It is recommended to add intermediate nodes whenever possible and use less delay to maintain both speed and stability.
post_delay: uint
Delay in milliseconds between executing the action and recognizing the "next" nodes. Optional, default is 200 milliseconds.
It is recommended to add intermediate nodes whenever possible and use less delay to maintain both speed and stability.
pre_wait_freezes: uint | object
Time in milliseconds to wait for the screen to stop changing between recognizing a node and executing the action. Optional, default is 0 (no waiting).
It will exit the action only when the screen has not had significant changes for "pre_wait_freezes" milliseconds in a row.
If it's an object, more parameters can be set, see Waiting for the Screen to Stabilize for details. The specific order is pre_wait_freezes - pre_delay - action - post_wait_freezes - post_delay.
post_wait_freezes: uint | object
Time in milliseconds to wait for the screen to stop changing between executing the action and recognizing the "next" nodes. Optional, default is 0 (no waiting).
Other logic is the same as pre_wait_freezes.
repeat: uint
Number of times to repeat the action. Optional, default is 1 (no repeat).
The execution flow is action - [repeat_wait_freezes - repeat_delay - action] × (repeat-1).
repeat_delay: uint
Delay between each repeated action in milliseconds.
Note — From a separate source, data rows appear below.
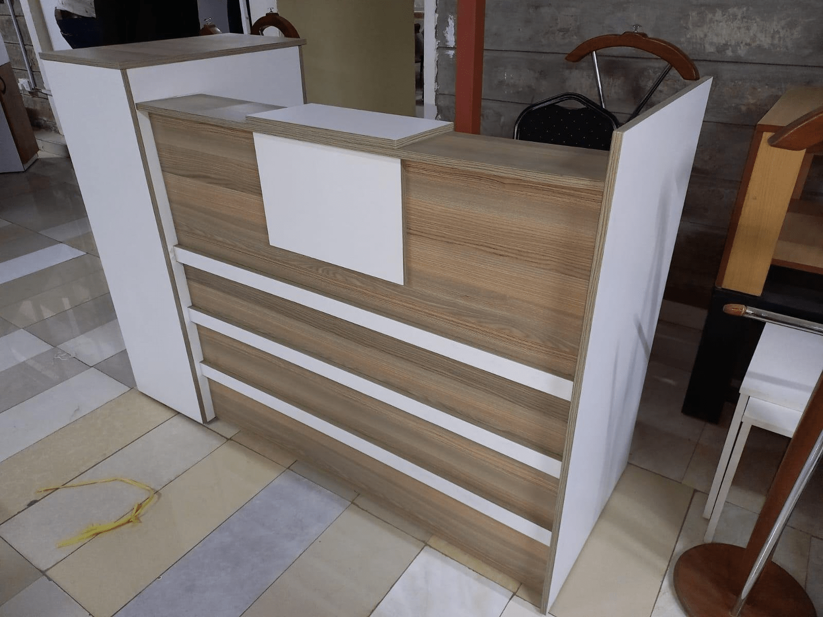 Moreover, the modern finish—available in various colors and textures—complements a wide range of interior styles. From contemporary open-plan offices to elegant boutique spaces, this desk adapts seamlessly. It also includes built-in storage options such as drawers and cabinets to keep essentials within reach but out of sight.
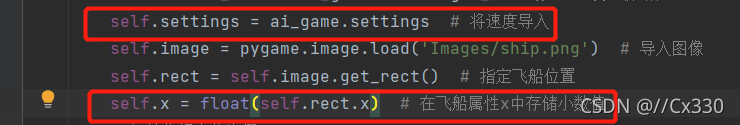 self.image = pygame.image.load('Images/ship.bmp') # 导入图像
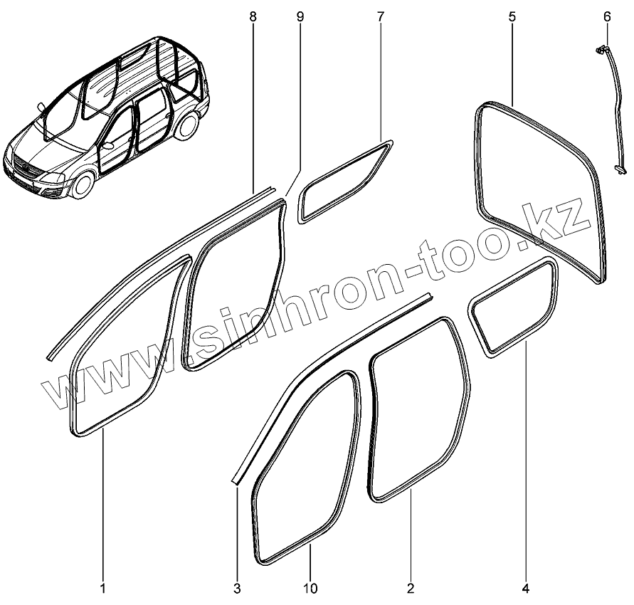 Каталог запасных частей к технике: ВАЗ LADA Largus 4601. Уплотнители стекол
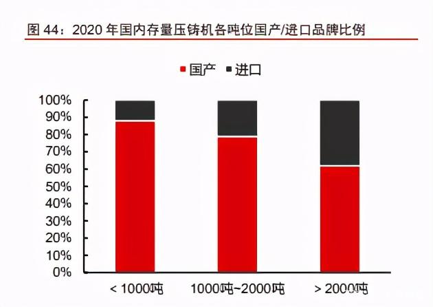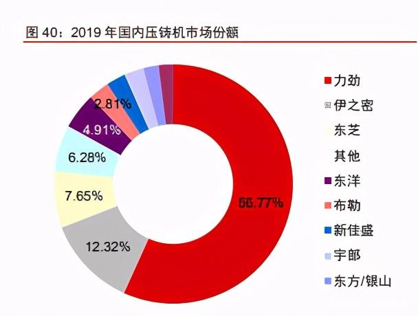 國產(chǎn)壓鑄機品牌具備明顯性價比優(yōu)勢,大型壓鑄機具有更好的盈利能力。國外品牌進口壓鑄機價格是國產(chǎn)品牌的 2~3 倍,國產(chǎn)化機型價格也至少是 國產(chǎn)品牌的 1.5 倍,國產(chǎn)品牌存在明顯性價比優(yōu)勢。中小型壓鑄機中,鎖模力 50 噸以下 基本為熱室機,單機價格在 15 萬以下。鎖模力 100 噸以上均為冷室機,其價格隨鎖模力 的增加同步上升。1000 噸以上大型壓鑄機價格增長幅度明顯加快,鎖模力高于 5000 噸的超大型壓鑄機裸機單價在 2500 萬以上,周邊配套設(shè)備組成的壓鑄島通常再增加 20%~30% 的費用,大型壓鑄機因技術(shù)壁壘高而具備更好的盈利能力。 冷室壓鑄機是市場的主要品類,國產(chǎn)機在大噸位領(lǐng)域仍有較大進口替代空間。2020 年我國存量壓鑄機從臺數(shù)上看,熱室機占比 25%,冷室機占比 75%。 但考慮到熱室機單價遠低于冷室機,從金額上估算冷室機占壓鑄機總市場規(guī)模的 85%以上。 從鎖模力噸位上看,1000 噸以下機型市場國產(chǎn)機占有近 90%的份額,進口機型在 2000 噸以上大型機領(lǐng)域仍占有近 4 成的份額,未來大型機國產(chǎn)化仍有較大空間。 從國內(nèi)市場競爭格局看,力勁在冷室機和熱室機領(lǐng)域均占有絕對主導地位。截至 2020 年力勁冷室機、熱室機在存量市場占有率分別為 49%和 63%。 冷室機領(lǐng)域 TOP5 廠商合計占有 79%的份額,除力勁外,伊之密占有 14%的份額,其次 為東芝 8%、東洋 5%,行業(yè)頂級品牌瑞士布勒在國內(nèi)份額 3%。熱室機領(lǐng)域 TOP5 廠商合 計占有 83%的份額,除力勁外,國產(chǎn)品牌震高、興行、銳達分別占有 7%、5%、5%的份 額,熱室機歐洲第一品牌瑞典富來在國內(nèi)占有 3%的市場份額。
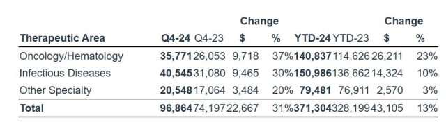 En un desglose por unidades, el área de Oncología/Hematología creció 23% a C$ 148,3 millones (u$s 98,3 millones), mientras que Enfermedades Infecciosas subió 10% a C$ 151,0 millones (u$s 105,4 millones). Por último, Otras Especialidades ascendió 3% a C$ 74,5 millones (u$s 55,5 millones).
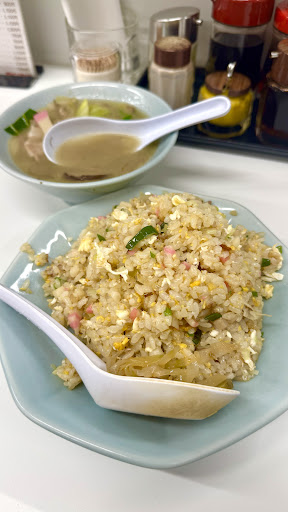 そして、五目チャーハンが届きます。五目チャーハンのダブルというメニューもありましたが、なんだろ。チャーハン大盛りのことかな?謎は増すばかりです😇五目チャーハンは、シンプルな味付け。味は薄いかなと思うので、卓上の醤油を少し回しかけるくらいがちょうどいいです。パラパラ系というよりはベチャベチャ系の仕上がり。スープが意外と思ったより塩味あるので、醤油かけなくても食べれると思います。

Optional, default is 0.
Only effective when repeat > 1, waits before the second and subsequent action executions.
repeat_wait_freezes: uint | object
Time in milliseconds to wait for the screen to stop changing between each repeated action. Optional, default is 0 (no waiting).
Only effective when repeat > 1, waits for the screen to stabilize before the second and subsequent action executions.
If it's an object, more parameters can be set, see Waiting for the Screen to Stabilize for details.
focus: any
Focus on the node, resulting in additional callback messages. Optional, default is null (no messages).
See Node Notifications for details.
attach: object
Additional JSON object for storing additional node configuration. Optional, default is an empty object.
This field can be used to store custom configuration information that does not affect the node's execution logic but can be retrieved through related interfaces.
Note: This field will be merged with the attach in the default value using dict merge, not overwritten. That is, the attach in the node will be merged with the attach in the default value, where values with the same keys will be overwritten by the node's values, but other keys will be preserved.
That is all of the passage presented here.